US Trade poker game in full swing
Since July 6th, both US and China have implemented additional trade tariffs, the result of an ongoing back-and-forth series of threats between US President Trump and Chinese President Xi. A first analysis of the impact of the tariffs leads to believe that the consumer will be differently impacted on both sides of the Pacific, but first, let’s have a look at how we arrived at this point.
Trade tariff timeline
- Jan 22nd 2018: Trump announces a 30% tariff on solar panels, a key Chinese import product
- March 1st 2018: Trump raises import taxes on steel with 25% and taxes on aluminium with 10%
- April 2nd 2018: the Chinese issues tariffs on $2,4 billion worth of American products and agricultural produce
- April 3rd 2018: the US retaliate with a 25% tax on mainly tech products, which are at the core of the “Made in China 2025” economic plan (semi-conductors, medical devices, …)
- April 4th 2018: China produces another list of 106 American products, subject to tariffs of 25%
- April 5th 2018: Trump threatens with taxes on another $100 billion worth of Chinese import
- April 16th 2018: the US Commerce department bans any collaboration Chinese telecom company ZTE, leading to ZTE to withdraw from the US in May. The company becomes a major negotiation tool in later negotiations between China and the US. On June 7th, the ban is lifted temporarily in exchange of a $1 billion payment to US
- June 15th 2018: Trump announces a 25% tariff on $50 billion worth of Chinese goods, mainly parts used in US based production
- June 18th 2018: Trump threatens to implement tariffs on an additional $200 billion worth of products, which, if implemented, would result in almost all Chinese products being subject of trade war related taxation
- June 27th 2018: the Trump administration wants to bar Chinese firms to invest in US technology.
- July 7th 2018: the US activates a 25% taxation on $34 billion worth Chinese goods. China retaliates immediately with an identical taxation
- Update after publication, July 11th 2018: the Trump administration announces 10% levy on another list of $200 billion worth of Chinese products, now submitted for a 2-month review process.
Impact on the car industry
Next to the trade war with China, the US President is also looking into additional tariffs for European cars, but the internationalisation of car manufacturers demonstrates that the impact of the tariffs is not necessarily linked to the nationality of the brand.
Many of the car brands produce vehicles on all continents. When sold in the local markets, these vehicles are exempt of trade tariffs. Within Asia, where high import taxations have existed for a longer time, OEM’s such as Toyota have developed production in most major countries to avoid tariffs and produce vehicles that are appealing to the local buyer (e.g. Toyota Hilux in Thailand, Toyota Innova in Indonesia). In addition, OEMs are also used to shift productions from one country to another. BMW, for example, can shift production of the popular X3 from the US to South-Africa and China, thus avoiding import taxes.
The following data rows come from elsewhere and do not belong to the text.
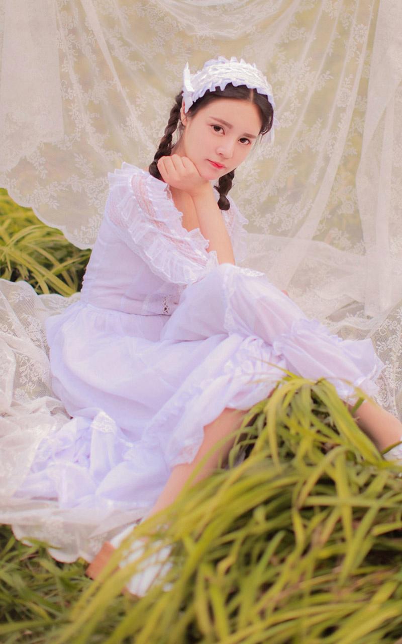 图集介绍:白色蕾丝裙甜美女孩户外写真,写真中,甜美可爱女孩穿着白色蕾丝裙,纵身草丛中,画面唯美清新。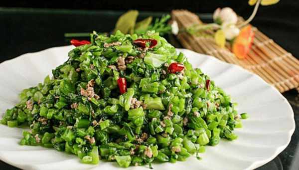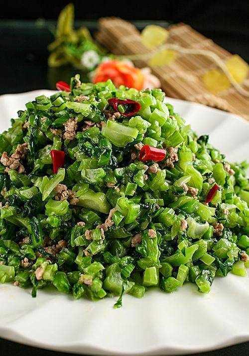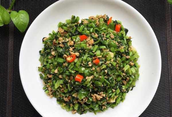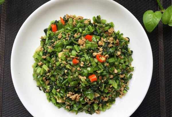 烹饪难度分析:需要掌握雪里莲花和猪肉的选择方法。猪肉碎要剁碎腌制,野菜要炒香。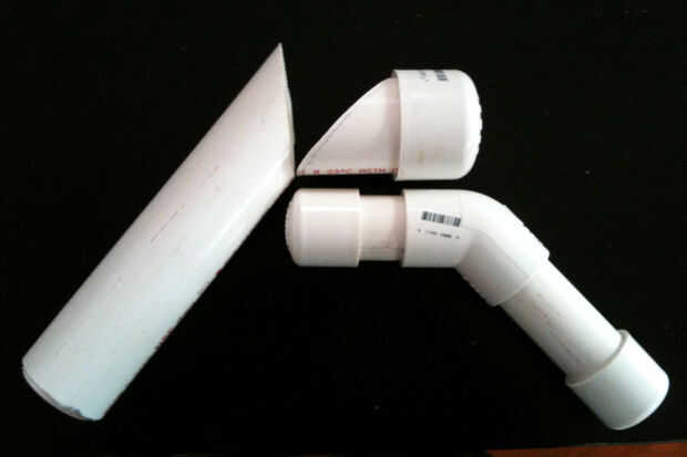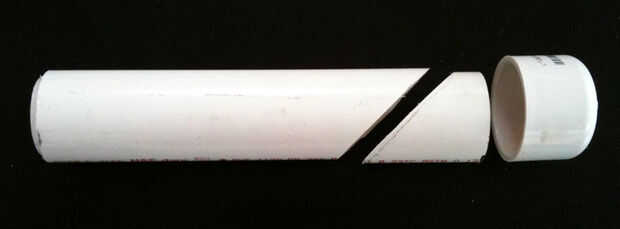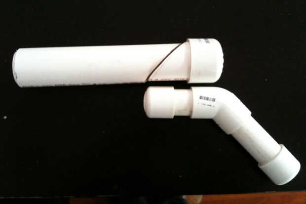 El barril fue hecho de una longitud de 11 pulgadas de tubo de PVC de 2", cortado en un ángulo de 45° aproximadamente 1,5 pulgadas de un extremo. Puedes ver aquí cómo fue diseñado para caber encima de la cámara de presión, luego abra hacia abajo para permitir que el usuario inserte y retire los cartuchos.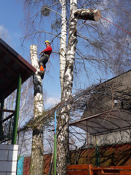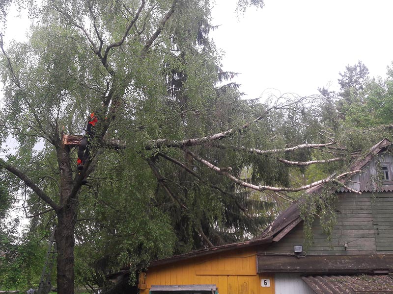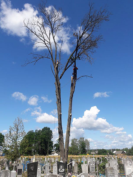 У бабули в деревне Внучки на участке в проводах рос огромный вяз и при грозах было страшно и за постройки, и за электричество. Через Интернет нашёл координаты специалистов из УдалимДерево.бел. Я позвонил и мне объяснили, что могут убрать дерево методом промышленного альпинизма. Мы договорились о примерной сумме и через пару дней парни приехали и спилили его. Теперь моя бабуля осталась довольна и не переживает за дом. Спасибо Вам.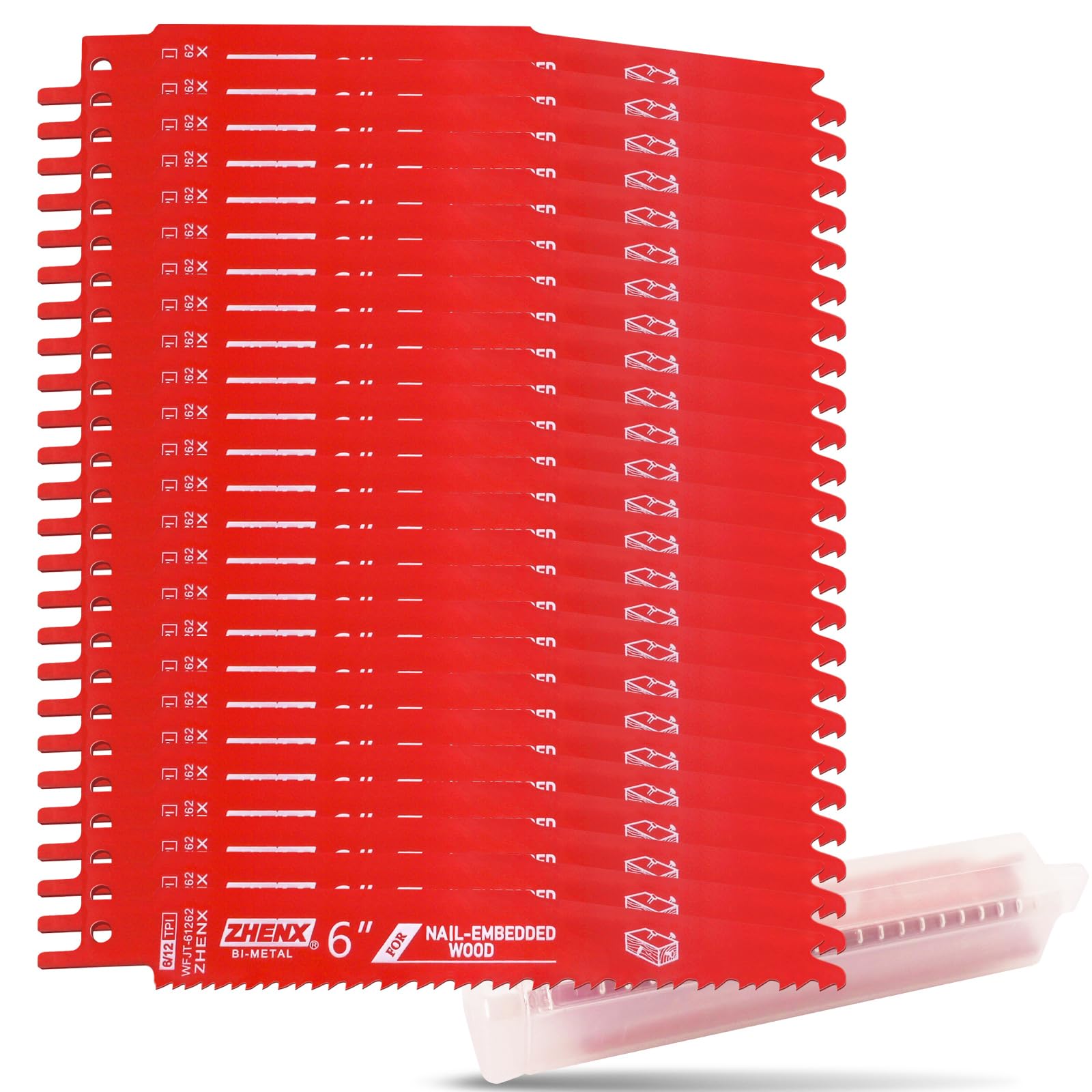 Bi-Metal Reciprocating Saw Blades for Nail-Embedded Wood,25 Pack 6/12tpi 6 Inch Saw Blade Wood with Nails Cutting, Organizer Case Included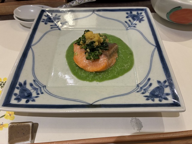 ・鱒の菜種焼き うぐいすソース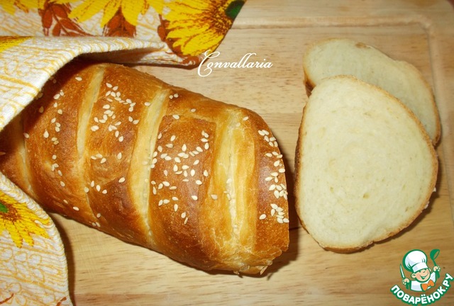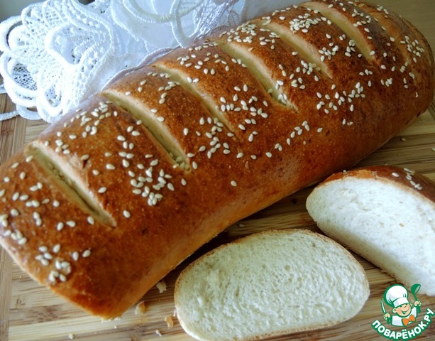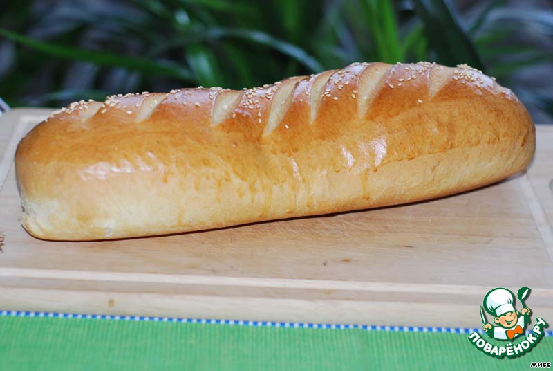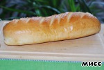Я все осваиваю свою хлебопечку. Но тесто также можно замесить и обычным способом. Мягкий воздушный мякиш, а корочка батона получилась тонкой и хрустящей. Угощайтесь на здоровье! Рецепт с сайта "Хлебопечка ".
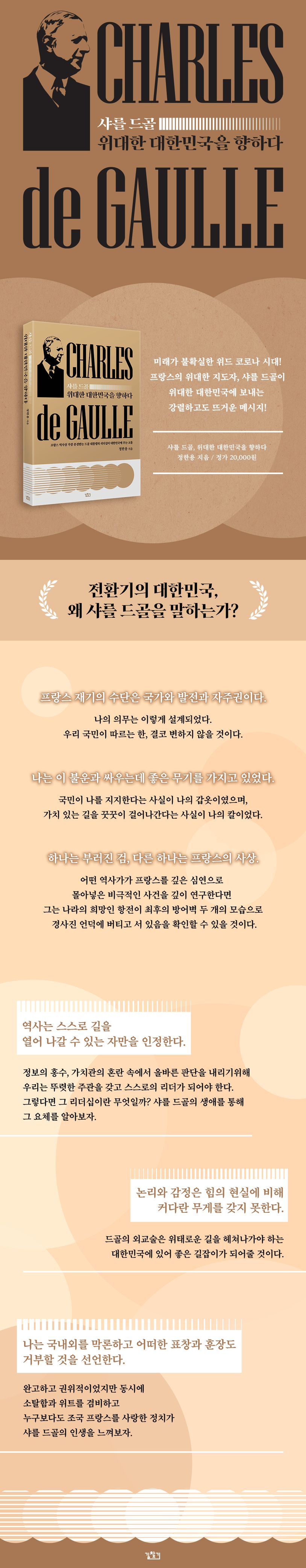 왜 샤를 드골인가? 2019년 11월에 발생하여 현재까지 이어지고 있는 코로나 판데믹, 그리고 2022년 2월에 러시아의 침공으로 시작된 러시아-우크라이나 전쟁으로 인해 발생한 인플레이션과 식량 위기는 전 세계의 경제를 뒤흔들고 있다. ‘한 치 앞을 볼 수 없다.’ 라는 말이 단순한 수사적 표현이 아니라 실제 상황을 나타내고 있는 시대인 것이다. 냉정한 이성을 유지하면서 현 상황을 파악하고, 할 수 있는 일과 해야 할 일을 명확히 인식하여 실행해야 하는 지금, 서방 진영에 속해 있으면서도 나토와 공산권 사이에서 프랑스의 목소리를 내고 프랑스의 이권을 끝까지 지켜낸 샤를 드골의 리더십을 따라야 할 때라 할 수 있지 않을까.

This leads us to an understanding that only few brands will feel the full impact of trade tariffs. Tesla, produced in the US and sold in China, is such an example. A Model S was sold in Beijing for $114.400 in January, but is on the market today for $125.300
A equally interesting aspect is the car part supply, much of which comes from China. Even for vehicles produced and sold in the US, the tariffs will have an impact as the car parts will become more expensive. This price increase is very likely to be transferred to the end customer rather than absorbed by the manufacturer.
The Japanese company Denso, one of the largest tier 1 suppliers for OEM’s, has been preparing to move a substantial part of its production to China and is now confronted with a likely price increase for export to the US. Similarly, Denso also does a lot of cross-border trade between US and Mexico, which could be affected by the US leaving NAFTA or tear up the agreement.
What about the Fleet Manager?
Some of the analysts, such as Mark Boada at Fleet Management Weekly, defend that the consequences of the trade war won’t be as dramatic as depicted in the newspapers. He foresees a rise in the second hand market, takes rightly into account that we won’t be renewing our entire car fleet in the next 12 months and thinks that an increased pricing might accelerate the right-sizing of company cars. He concludes by saying that an increase of lease cost was imminent, regardless of the trade war.
Even if we think Mark might be right from a short-term perspective in the automotive industry, the real issue seems not to come from the automotive industry, which is only one of the directly identified victims. The major problem will come from a combination of 2 giant economies, the US and China, that will potentially slow down, impacting employment, interest rates and gradually touching much more industries. The world economy was never balanced, but the brutality of a trade war is not going to help.